● Exercise
Below are entries. Copy exactly the lines running from the line that holds "にあります。しし座は,この時期,午前0時頃" to the line that holds "берберы, европеоидная, экваториальная", with both ends included.

(Beginning of Data records)

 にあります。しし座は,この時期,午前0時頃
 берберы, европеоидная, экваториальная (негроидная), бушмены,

(End of Data records)
(Beginning of Data records)

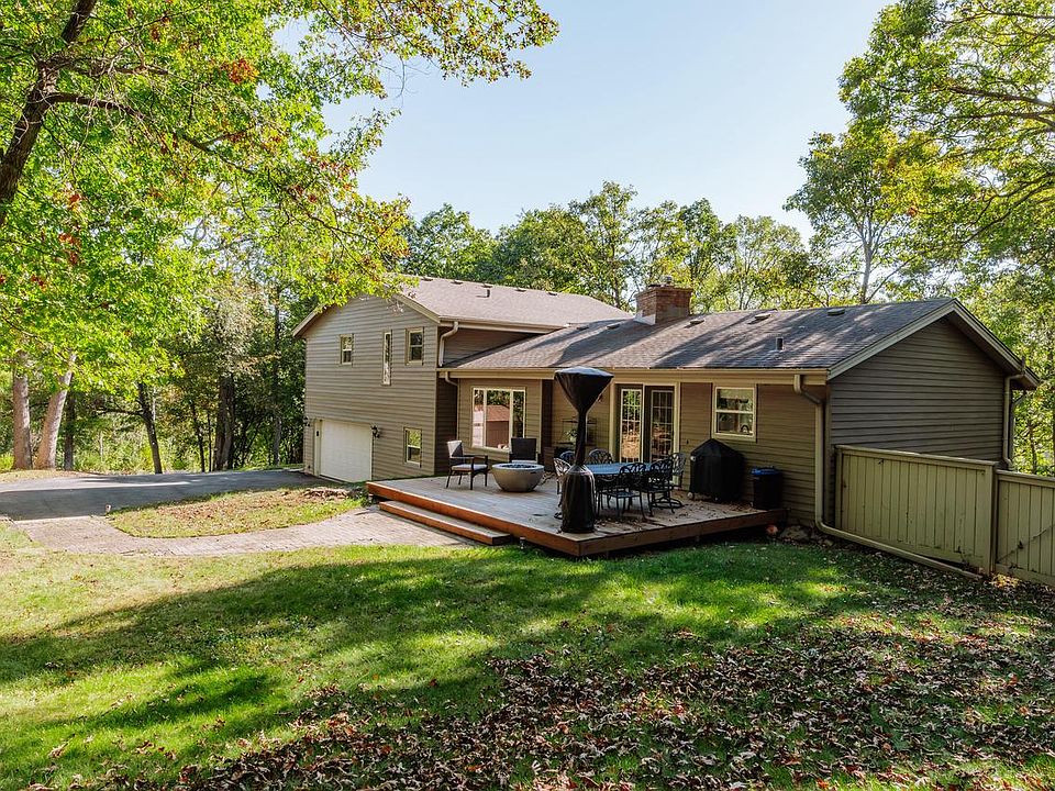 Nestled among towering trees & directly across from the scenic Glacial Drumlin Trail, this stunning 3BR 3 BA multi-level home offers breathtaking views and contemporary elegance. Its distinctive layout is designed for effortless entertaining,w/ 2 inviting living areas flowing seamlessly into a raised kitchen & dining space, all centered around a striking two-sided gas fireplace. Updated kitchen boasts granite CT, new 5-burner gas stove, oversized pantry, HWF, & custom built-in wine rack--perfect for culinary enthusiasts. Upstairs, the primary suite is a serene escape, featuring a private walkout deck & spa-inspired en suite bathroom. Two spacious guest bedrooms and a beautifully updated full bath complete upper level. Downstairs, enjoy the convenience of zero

(End of Data records)
(Beginning of Data records)

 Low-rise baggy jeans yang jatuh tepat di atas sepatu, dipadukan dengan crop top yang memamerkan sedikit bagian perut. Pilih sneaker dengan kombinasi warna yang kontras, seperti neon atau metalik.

(End of Data records)

● Written answer
 にあります。しし座は,この時期,午前0時頃
 берберы, европеоидная, экваториальная (негроидная), бушмены,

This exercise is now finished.